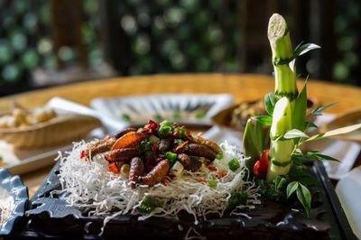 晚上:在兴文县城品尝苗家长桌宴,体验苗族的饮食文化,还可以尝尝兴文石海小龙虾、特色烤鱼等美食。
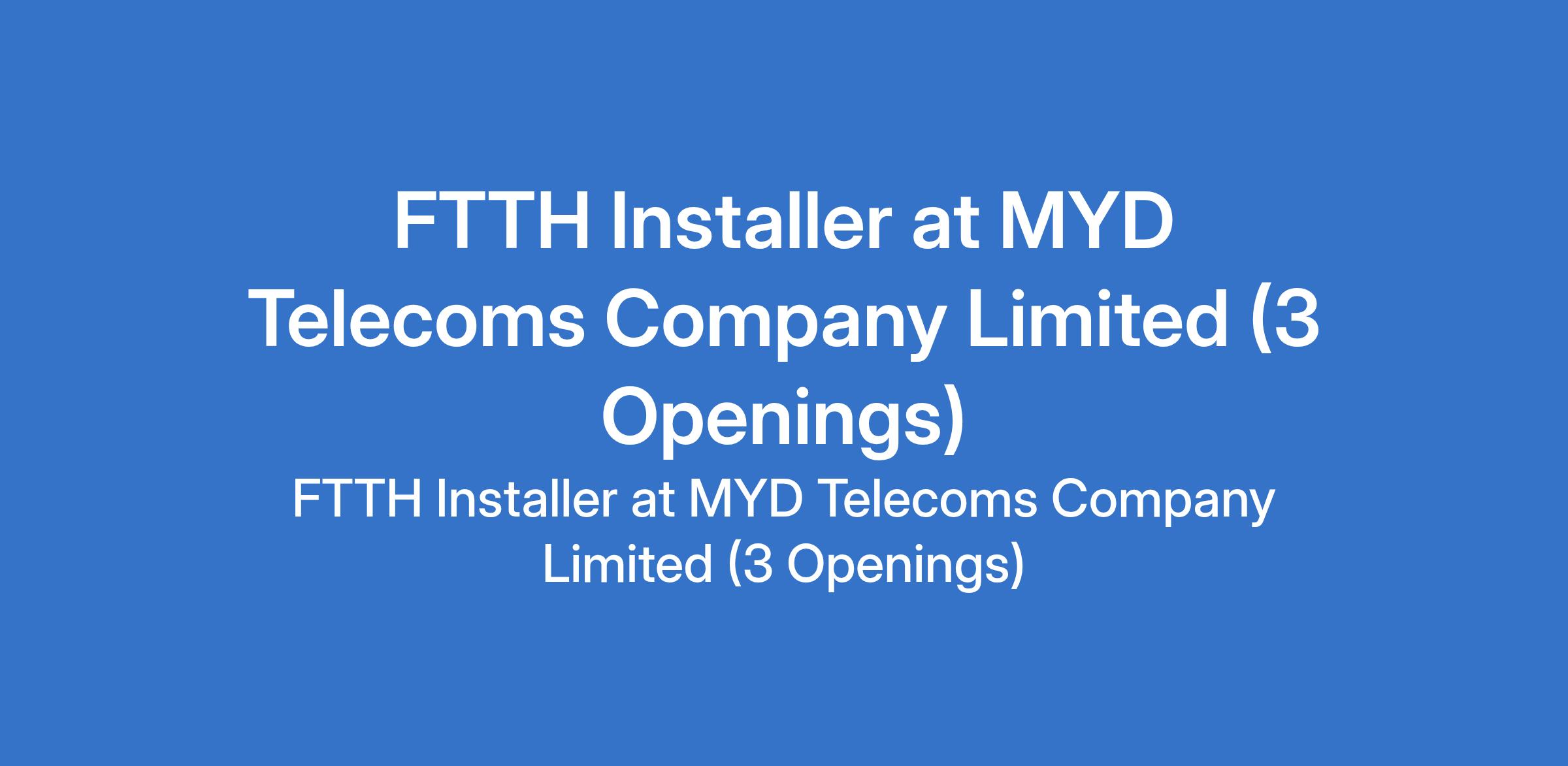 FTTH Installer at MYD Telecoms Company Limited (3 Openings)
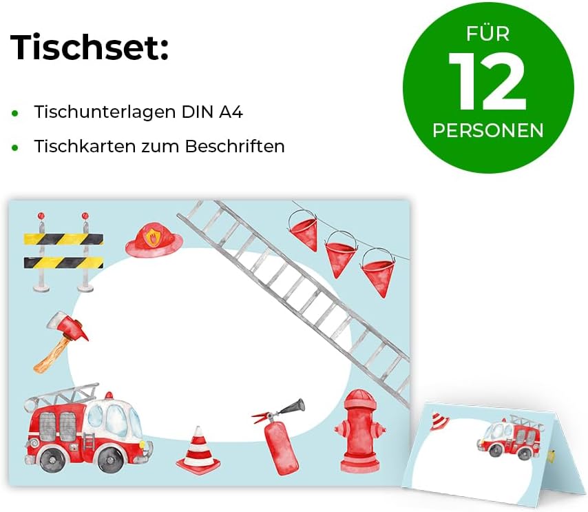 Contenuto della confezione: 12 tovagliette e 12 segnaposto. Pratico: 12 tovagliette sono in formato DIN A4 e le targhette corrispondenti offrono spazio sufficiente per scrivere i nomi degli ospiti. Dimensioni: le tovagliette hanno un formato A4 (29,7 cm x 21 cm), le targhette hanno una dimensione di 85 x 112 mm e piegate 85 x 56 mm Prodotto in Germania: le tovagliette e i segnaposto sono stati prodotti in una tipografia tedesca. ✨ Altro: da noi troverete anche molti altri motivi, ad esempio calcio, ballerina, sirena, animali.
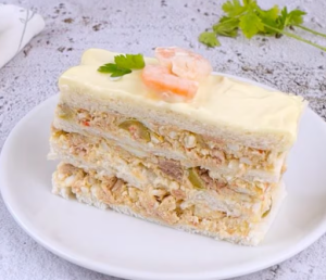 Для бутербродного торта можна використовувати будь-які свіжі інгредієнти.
...
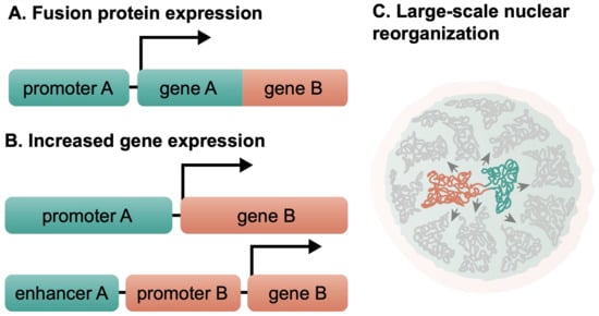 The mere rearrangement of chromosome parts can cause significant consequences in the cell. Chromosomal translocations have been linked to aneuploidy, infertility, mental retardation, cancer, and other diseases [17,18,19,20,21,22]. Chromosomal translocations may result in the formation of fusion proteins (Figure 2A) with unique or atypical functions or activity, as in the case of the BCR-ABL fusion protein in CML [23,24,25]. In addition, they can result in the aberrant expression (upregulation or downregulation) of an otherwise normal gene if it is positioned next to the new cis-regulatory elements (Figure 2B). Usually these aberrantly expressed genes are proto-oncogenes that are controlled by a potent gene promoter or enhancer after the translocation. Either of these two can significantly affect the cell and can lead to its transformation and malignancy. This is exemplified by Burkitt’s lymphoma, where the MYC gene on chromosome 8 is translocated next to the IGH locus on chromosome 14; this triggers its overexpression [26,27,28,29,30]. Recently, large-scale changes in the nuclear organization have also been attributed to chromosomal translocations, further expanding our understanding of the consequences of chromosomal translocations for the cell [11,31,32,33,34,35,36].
--
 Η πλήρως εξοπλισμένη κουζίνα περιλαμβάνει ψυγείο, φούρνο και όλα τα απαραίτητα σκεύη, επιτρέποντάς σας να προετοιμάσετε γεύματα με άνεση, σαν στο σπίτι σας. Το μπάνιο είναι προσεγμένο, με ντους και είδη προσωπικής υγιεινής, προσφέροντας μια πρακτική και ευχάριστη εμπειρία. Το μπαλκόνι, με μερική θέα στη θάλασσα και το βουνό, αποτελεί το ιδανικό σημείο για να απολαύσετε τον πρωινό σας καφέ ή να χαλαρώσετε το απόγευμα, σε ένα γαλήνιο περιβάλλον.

▸ **Assigned task**
Return exactly the part of the listing above that opens with the line containing "晚上:在兴文县城品尝苗家长桌" and closes with the line containing "Для бутербродного торта". Pictures stay out.

▸ **Result**
 晚上:在兴文县城品尝苗家长桌宴,体验苗族的饮食文化,还可以尝尝兴文石海小龙虾、特色烤鱼等美食。
 FTTH Installer at MYD Telecoms Company Limited (3 Openings)
 Contenuto della confezione: 12 tovagliette e 12 segnaposto. Pratico: 12 tovagliette sono in formato DIN A4 e le targhette corrispondenti offrono spazio sufficiente per scrivere i nomi degli ospiti. Dimensioni: le tovagliette hanno un formato A4 (29,7 cm x 21 cm), le targhette hanno una dimensione di 85 x 112 mm e piegate 85 x 56 mm Prodotto in Germania: le tovagliette e i segnaposto sono stati prodotti in una tipografia tedesca. ✨ Altro: da noi troverete anche molti altri motivi, ad esempio calcio, ballerina, sirena, animali.
 Для бутербродного торта можна використовувати будь-які свіжі інгредієнти.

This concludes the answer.